**Exercise instructions:**
Your answer must be the lines from the one containing "The chain measures" through the last line below, copied exactly, with no pictures.

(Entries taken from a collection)
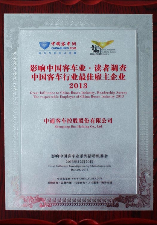 • Награда "Почётный работодатель автобусостроительной промышленности Китая", 2013 год
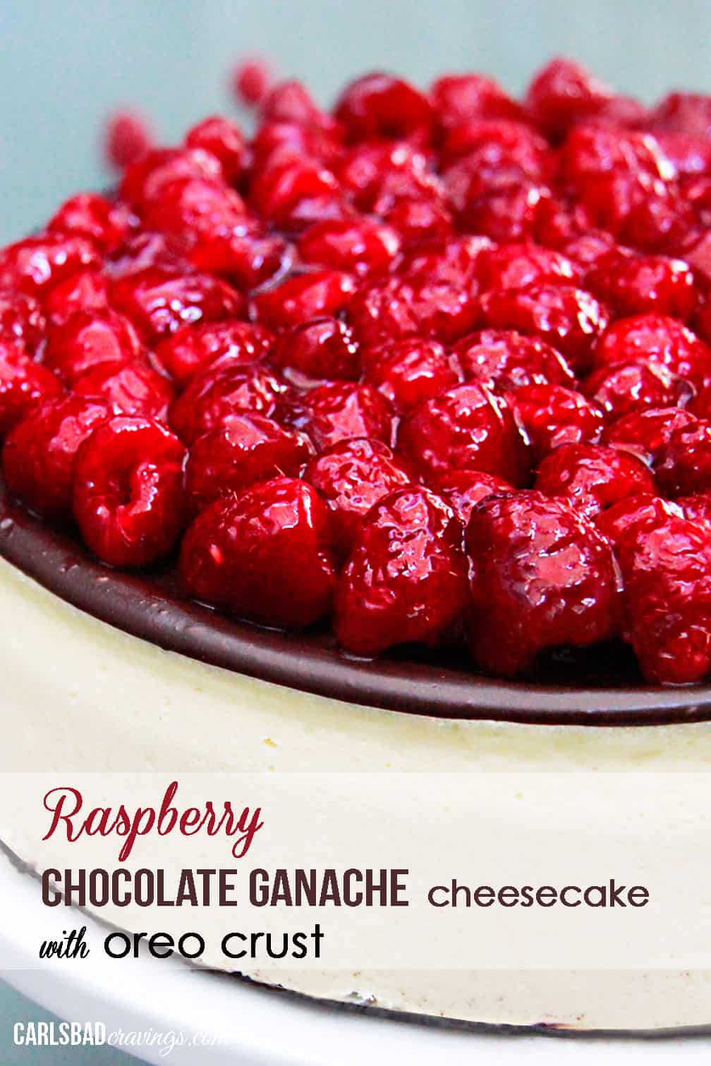 I wanted to create a cheesecake that embodied our favorite raspberry filled chocolates which led to this Chocolate Raspberry Cheesecake recipe crusted in buttery oreos, topped with sweet, super creamy cheesecake (seriously, the texture just kills me โ itโs melt in your mouth, savor on your tongue cheesecake!), covered with a thick bittersweet/semisweet chocolate ganache sure to satisfy every chocolate lover! (and donโt let the word ganache scare you โ its as simple as melting cream and butter in the microwave and adding some chocolate!)โฆall topped with sweet raspberries chilled with raspberry jellyย for the ULTIMATE Chocolate Raspberry Cheesecake experience.
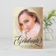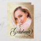 Invite your friends and family to your college graduation celebration in style with this chic photo graduation announcement and party invitation. This modern template design features a photo for you to change to your own framed in faux gold foil. Below your photo it reads "Graduate" in elegant black script typography with your name, college and year to personalise. The back of the card has all your party details to customise accented by a black graduation cap. Designed by Susan Coffey.
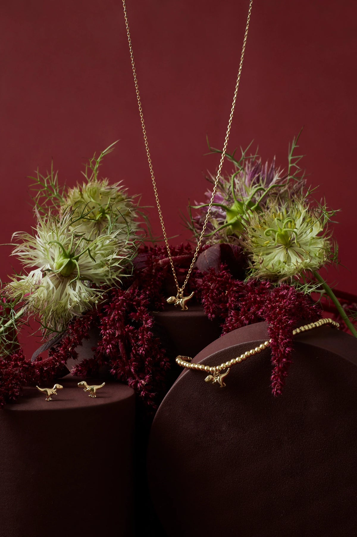 The chain measures 41-46cm. The T-rex pendant measures approximately 10x7mm.
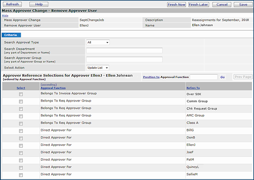 The mass approver change feature lets you make mass changes to approvers in approver groups.
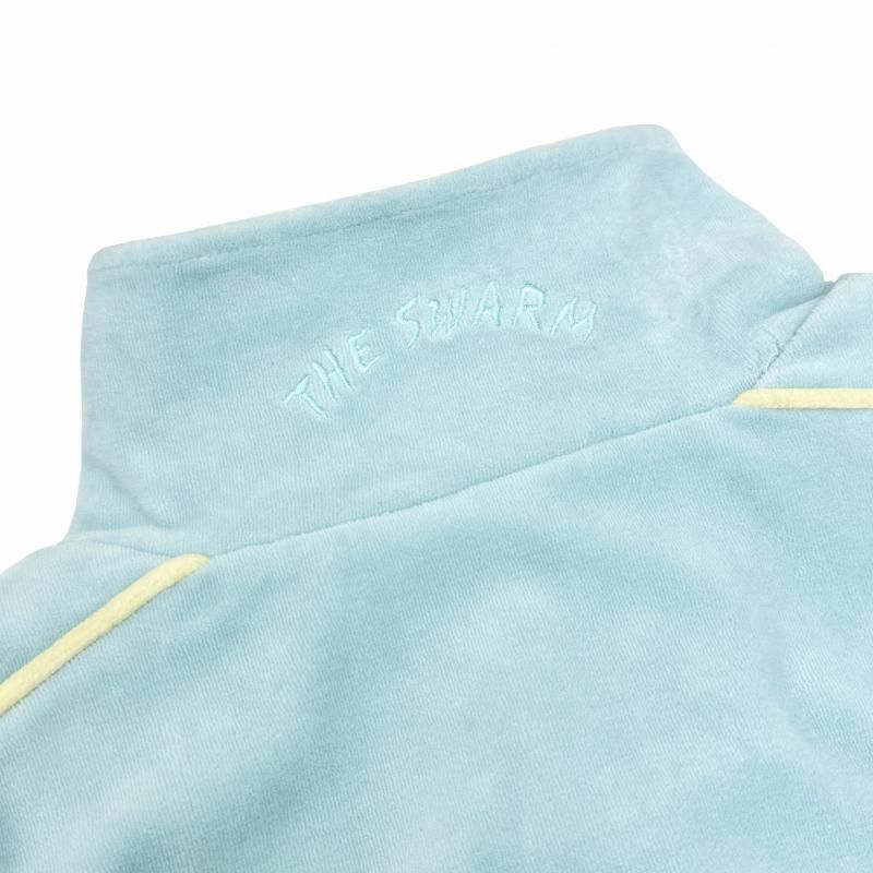 胸元と左ももにコラボロゴ、左袖と右ももにキャラクターのアイコン、衿のバックと左もも裏にTHE SWARMの文字を刺繍で施しています。

**Written answer:**
 The chain measures 41-46cm. The T-rex pendant measures approximately 10x7mm.
 The mass approver change feature lets you make mass changes to approvers in approver groups.
 胸元と左ももにコラボロゴ、左袖と右ももにキャラクターのアイコン、衿のバックと左もも裏にTHE SWARMの文字を刺繍で施しています。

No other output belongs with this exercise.